> **Task brief**: Take the lines of the data below from the very first through the line containing "圆锥破原本有一个缺点,即可能" and output them exactly, pictures excluded.

START Records supplied

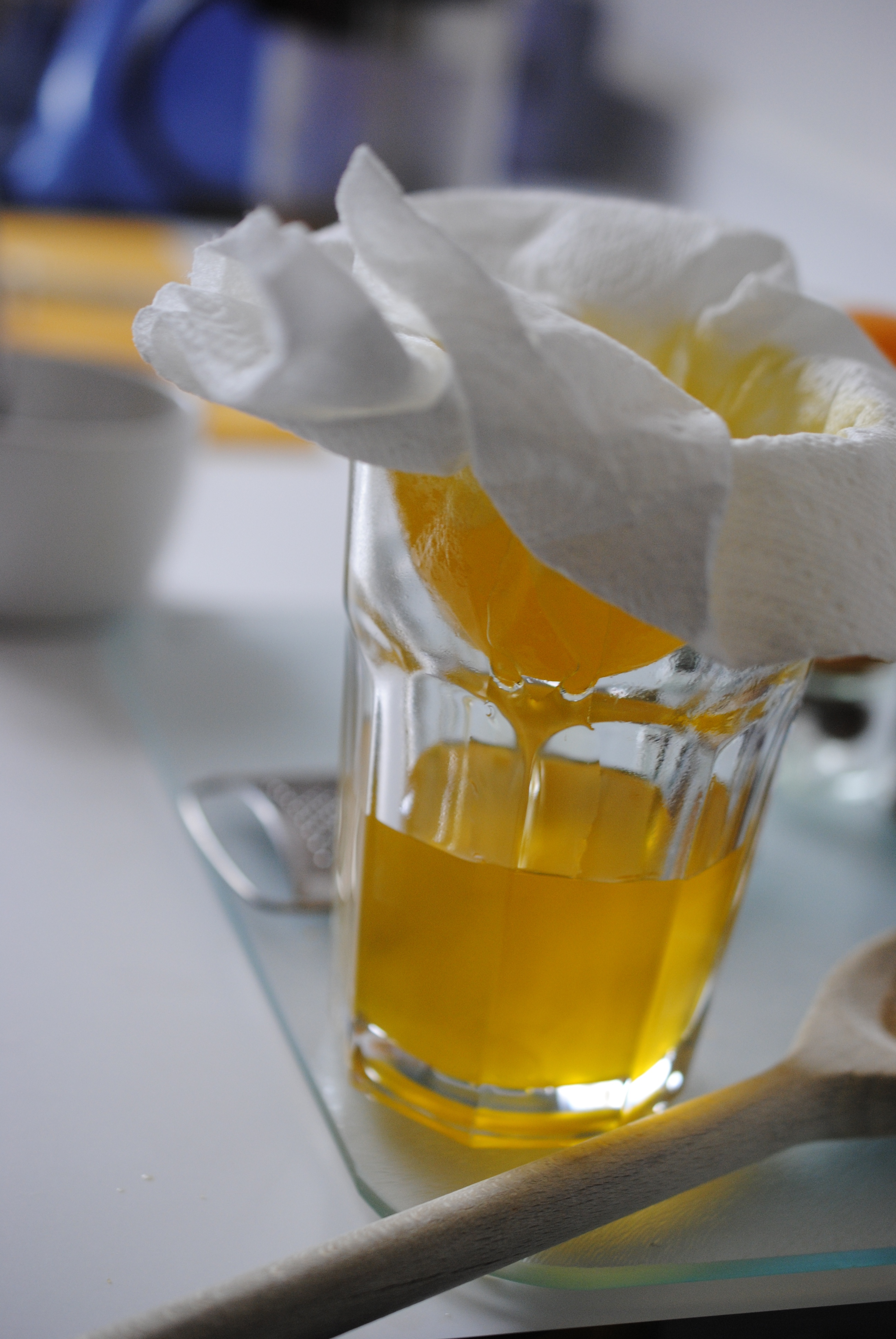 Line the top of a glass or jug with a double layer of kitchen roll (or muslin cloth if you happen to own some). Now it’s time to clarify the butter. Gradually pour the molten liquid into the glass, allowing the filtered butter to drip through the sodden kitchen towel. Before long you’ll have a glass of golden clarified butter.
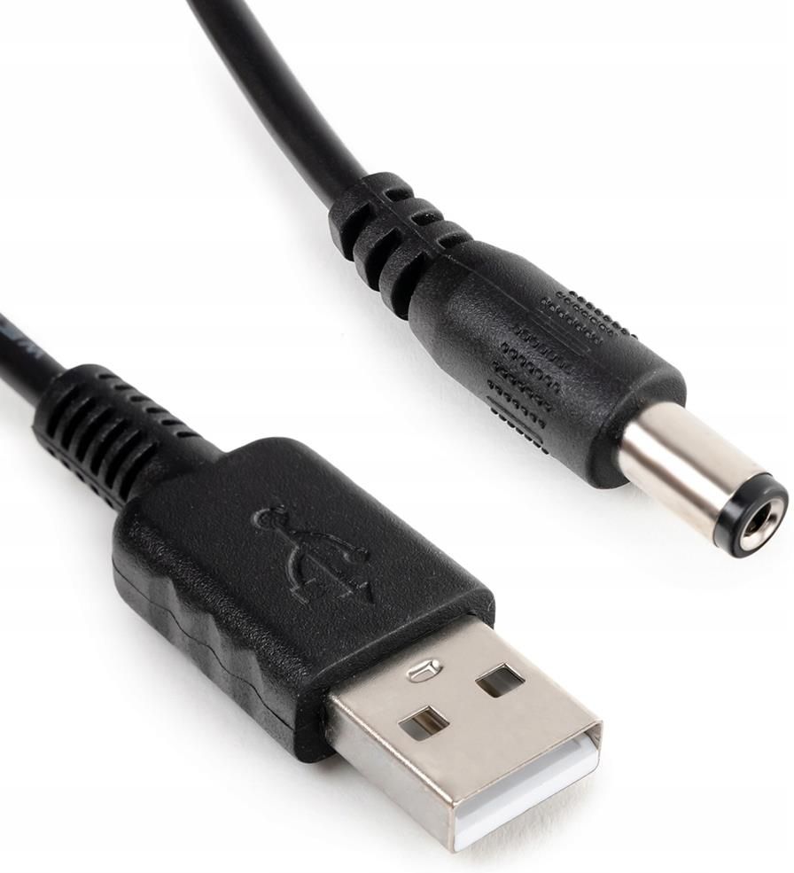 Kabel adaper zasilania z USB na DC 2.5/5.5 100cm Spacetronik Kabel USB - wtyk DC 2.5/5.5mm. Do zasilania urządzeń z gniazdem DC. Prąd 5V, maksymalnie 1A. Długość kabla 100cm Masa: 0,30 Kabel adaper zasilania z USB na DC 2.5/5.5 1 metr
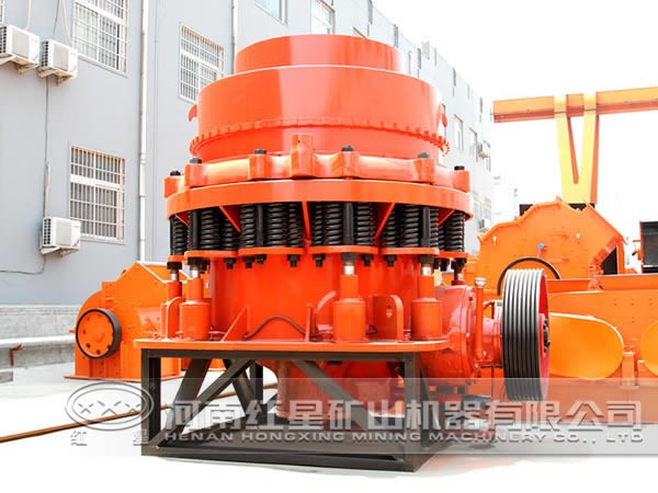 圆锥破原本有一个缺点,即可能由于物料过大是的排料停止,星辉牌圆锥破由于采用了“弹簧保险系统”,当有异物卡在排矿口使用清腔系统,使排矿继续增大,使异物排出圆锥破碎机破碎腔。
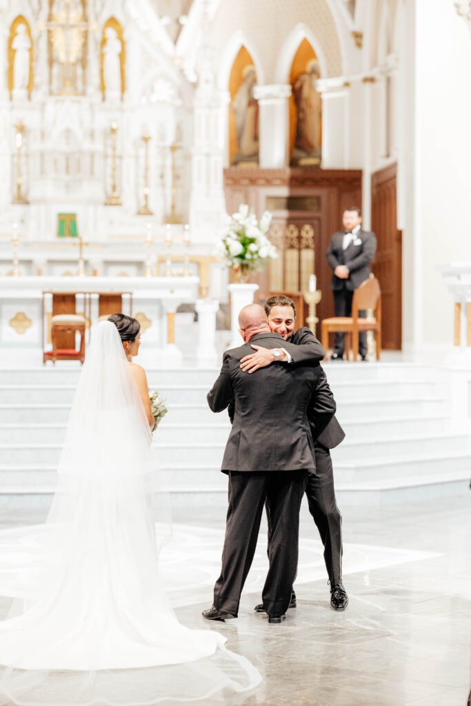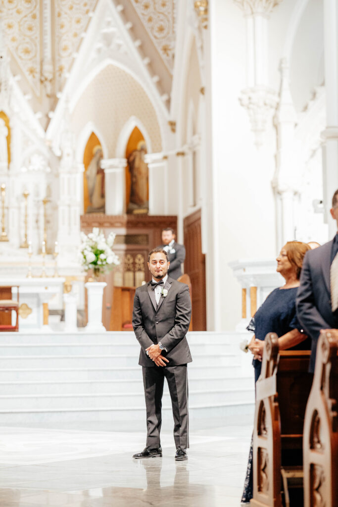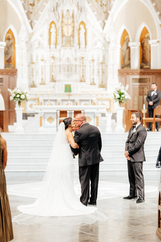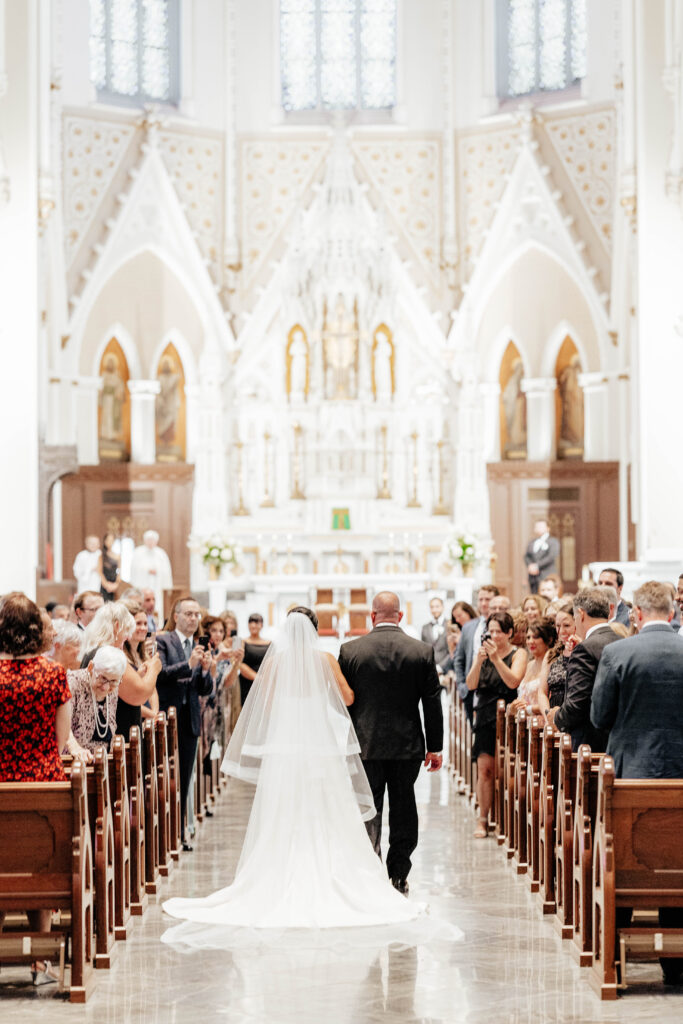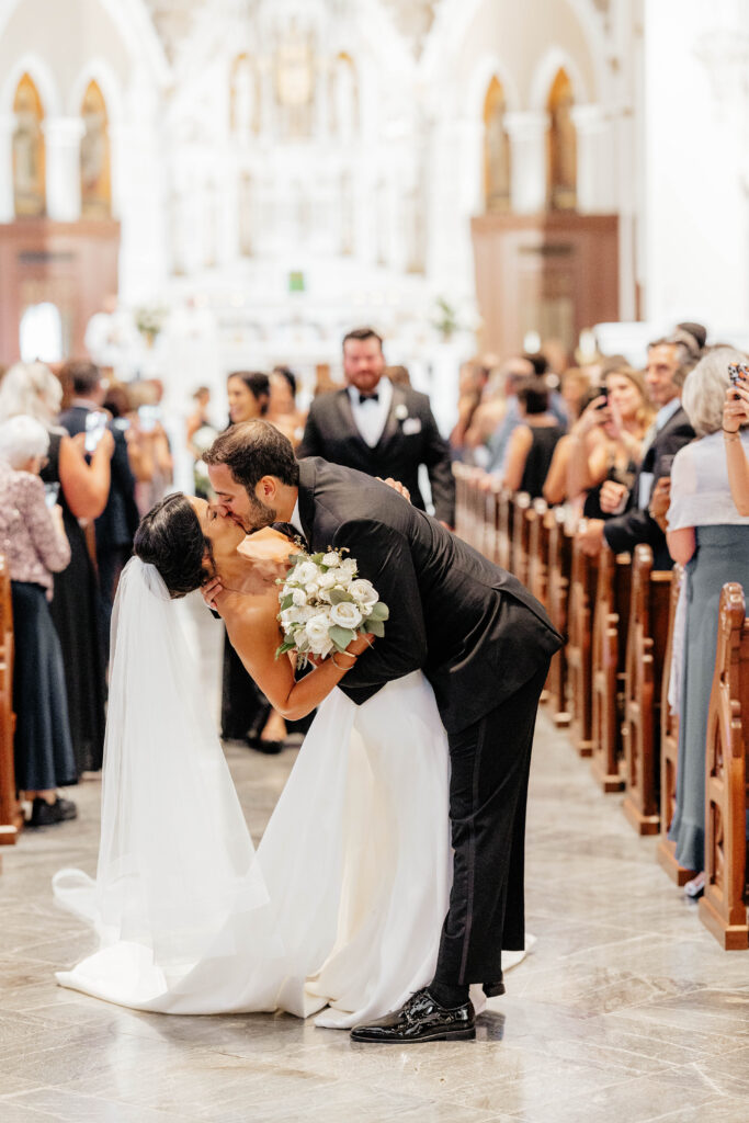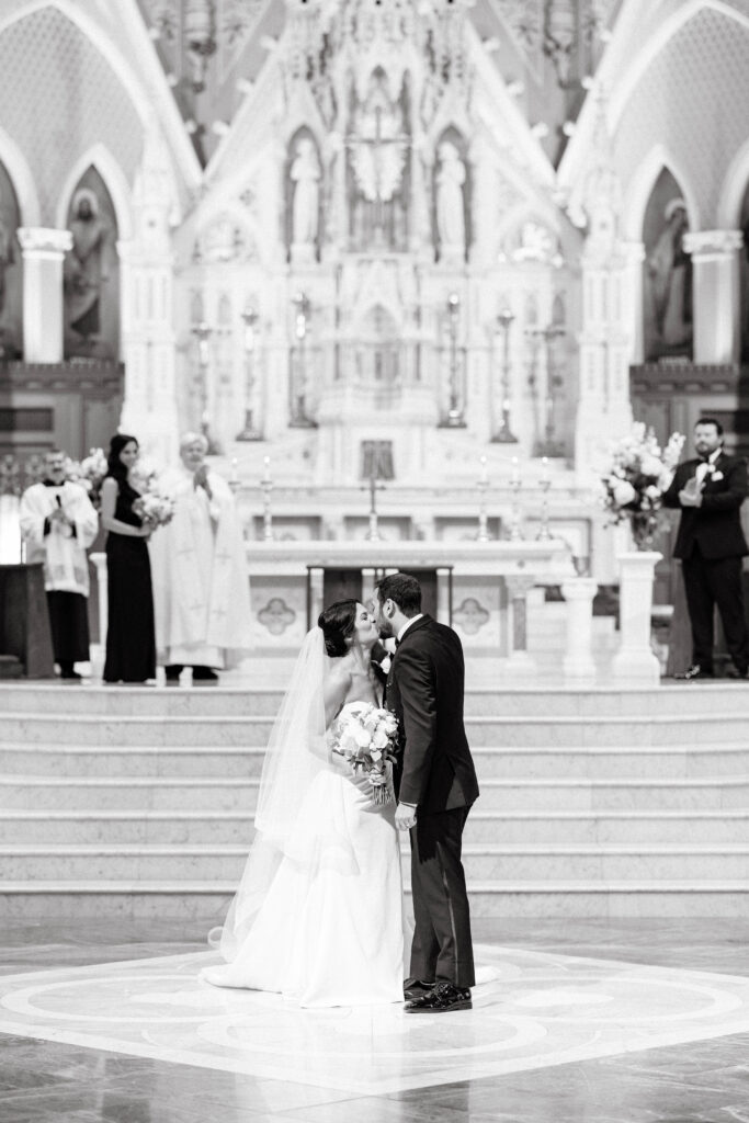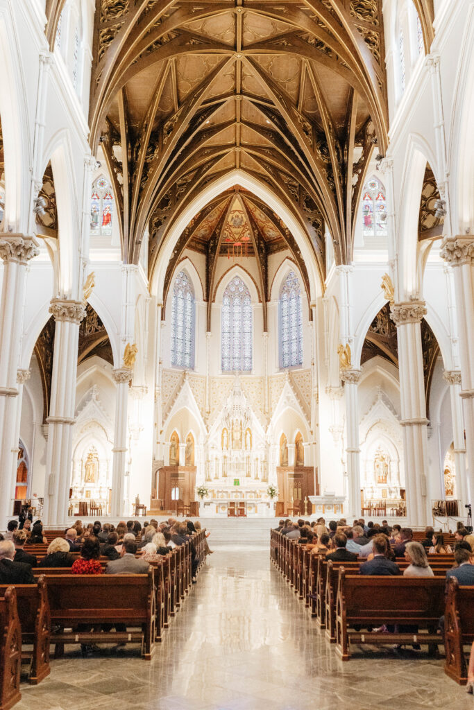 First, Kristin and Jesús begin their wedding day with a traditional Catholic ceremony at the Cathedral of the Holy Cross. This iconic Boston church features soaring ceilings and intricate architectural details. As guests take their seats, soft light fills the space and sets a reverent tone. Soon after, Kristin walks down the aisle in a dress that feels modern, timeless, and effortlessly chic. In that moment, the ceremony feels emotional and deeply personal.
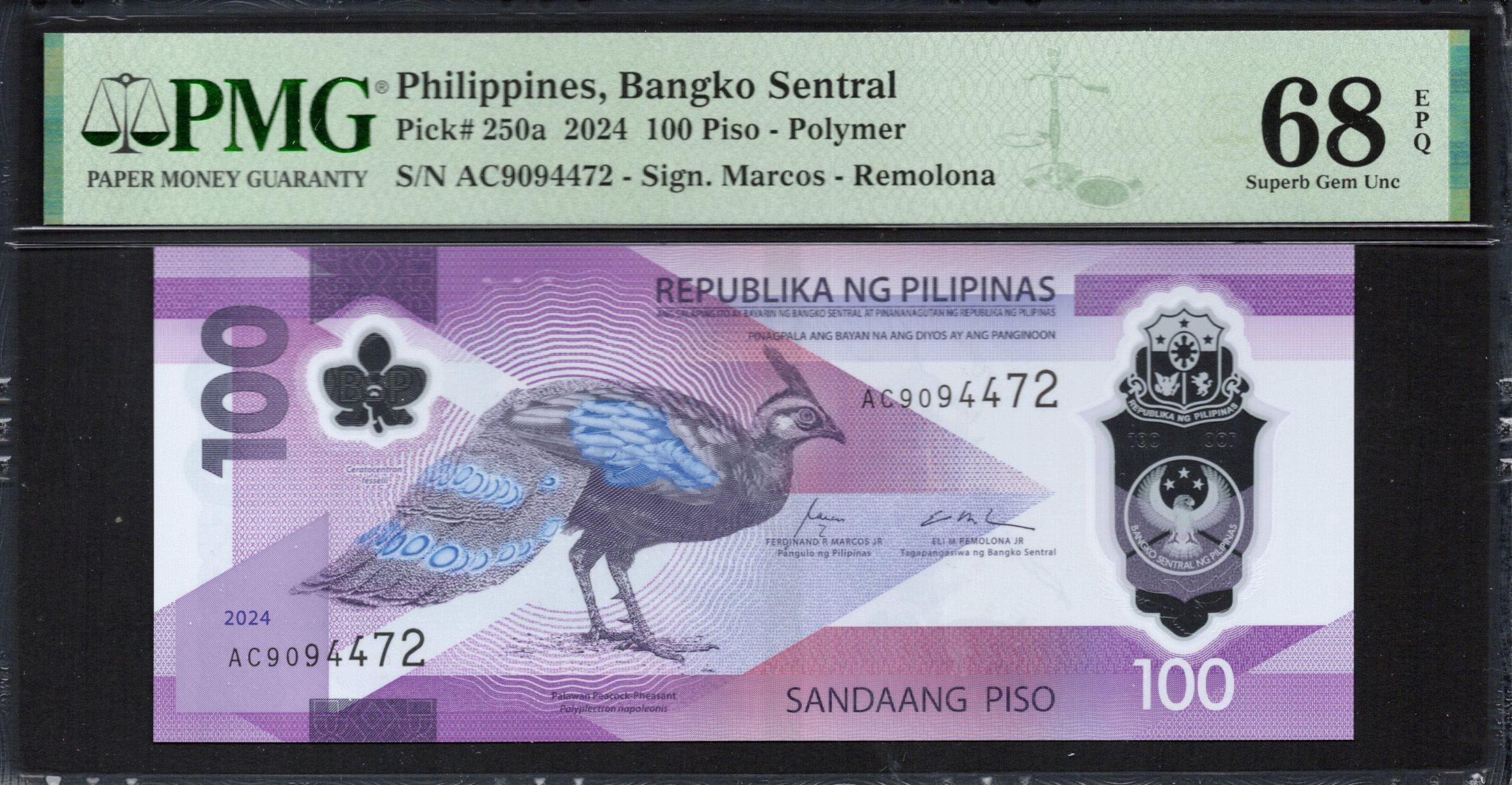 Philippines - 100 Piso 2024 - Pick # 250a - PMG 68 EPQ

END Records supplied

> **Task solution**:
 Line the top of a glass or jug with a double layer of kitchen roll (or muslin cloth if you happen to own some). Now it’s time to clarify the butter. Gradually pour the molten liquid into the glass, allowing the filtered butter to drip through the sodden kitchen towel. Before long you’ll have a glass of golden clarified butter.
 Kabel adaper zasilania z USB na DC 2.5/5.5 100cm Spacetronik Kabel USB - wtyk DC 2.5/5.5mm. Do zasilania urządzeń z gniazdem DC. Prąd 5V, maksymalnie 1A. Długość kabla 100cm Masa: 0,30 Kabel adaper zasilania z USB na DC 2.5/5.5 1 metr
 圆锥破原本有一个缺点,即可能由于物料过大是的排料停止,星辉牌圆锥破由于采用了“弹簧保险系统”,当有异物卡在排矿口使用清腔系统,使排矿继续增大,使异物排出圆锥破碎机破碎腔。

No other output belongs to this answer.